- The Washington Times - Tuesday, October 8, 2002

ASSOCIATED PRESS
The U.S. Supreme Court has again refused to get involved in a dispute over a giant asbestos trial in West Virginia that big corporations say could cost them millions.
The court last month refused to stop the trial from starting. Yesterday, the high court said that it would not review arguments from Mobil Corp. and other large companies that the large trial was unconstitutional.
"These fundamentally unfair procedures will render West Virginia a national asbestos-litigation magnet," the Supreme Court was told in a filing by Christopher Landau, the attorney for General Motors Corp., Ford Motor Co. and DaimlerChrysler Corp., which supported Mobil Corp.
The trial combines the cases of about 8,000 people who say they have been exposed to asbestos. They live in as many as 35 states and should not be allowed to join in one trial, according to the filing.
The West Virginia Supreme Court has endorsed trial consolidations to resolve the large number of asbestos suits in that state.
The Supreme Court still could get involved later, after the trial is over and any lower court appeals completed.
The justices also:
Refused to consider whether R.M.S. Titanic Inc., a Florida company, owned thousands of items recovered from the wreck of the Titanic and could sell them.
A judge had given the company exclusive rights to bring up items from the wreck. Courts refused, however, to let the company sell the artifacts, which include passengers' personal belongings.

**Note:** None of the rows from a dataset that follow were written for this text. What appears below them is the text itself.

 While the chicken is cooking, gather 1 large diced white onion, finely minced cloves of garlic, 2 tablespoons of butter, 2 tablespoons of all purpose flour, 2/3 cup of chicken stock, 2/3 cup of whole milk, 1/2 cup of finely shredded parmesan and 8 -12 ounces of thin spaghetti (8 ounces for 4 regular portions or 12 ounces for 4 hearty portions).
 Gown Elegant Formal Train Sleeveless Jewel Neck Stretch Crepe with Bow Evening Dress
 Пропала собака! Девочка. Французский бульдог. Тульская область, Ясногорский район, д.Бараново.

Declined to decide whether the government violated the free-speech rights of an electrician who started an unlicensed radio station for homosexual listeners.

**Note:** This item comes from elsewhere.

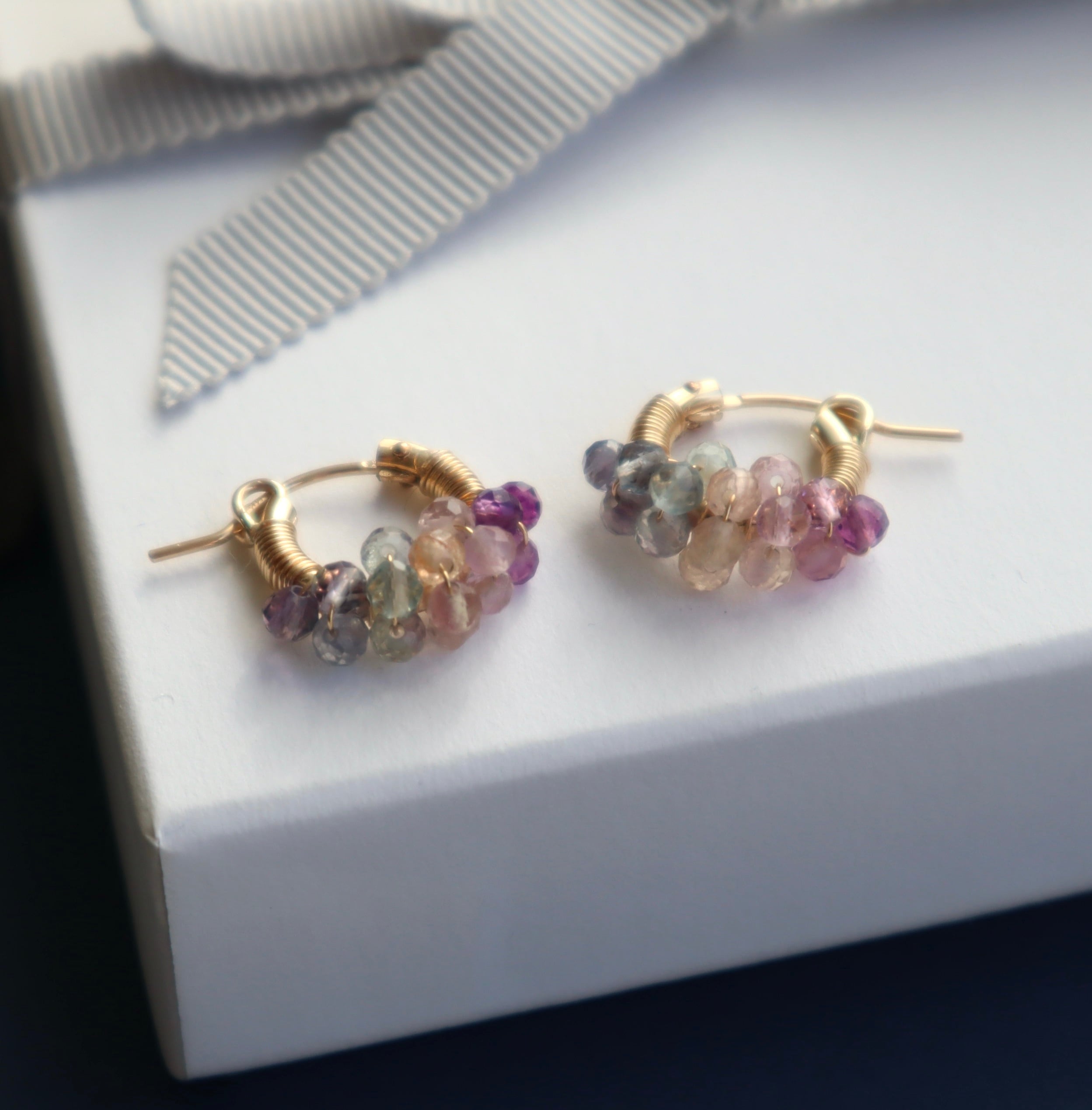 色味の違うフローライトを、フープにひとつひとつ巻きつけたピアス。

Jerry Szoka had been fined $11,000 and ordered to shut down the station he operated in a nightclub in Cleveland. He challenged the one-time ban on small FM stations such as his.
Refused to revive a longtime case by pilots of the former Eastern Airlines involving seniority rights in their union contract.
The airline was acquired by Continental Airlines Inc. in 1986, and a group of pilots say that Continental did not honor the contract and that other companies that file for bankruptcy protection could lay off senior employees in violation of a contract.
Refused to consider arguments by Detroit newspapers in a labor dispute dating to 1995 when about 2,500 newspaper workers walked off their jobs at the Detroit News and Detroit Free Press. The newspapers contend they were wrongly forced to arbitrate over the firings of some of the striking workers.
Declined to stop a case accusing Iran's government of confiscating a U.S. company's investments. The refusal extends a 20-year court fight between Iran and McKesson HBOC, which had dairy investments there. At issue was whether Iran could be sued in U.S. courts by investors and how much damages could be awarded.
Gave a group of professional soccer players a third straight defeat in their challenge of Major League Soccer. The players, who accused the league of being an illegal monopoly, also lost in a jury trial and before a federal appeals court.
Their class-action antitrust lawsuit asserted that the league conspired with the U.S. Soccer Federation to create a monopoly by blocking other leagues and depressing salaries.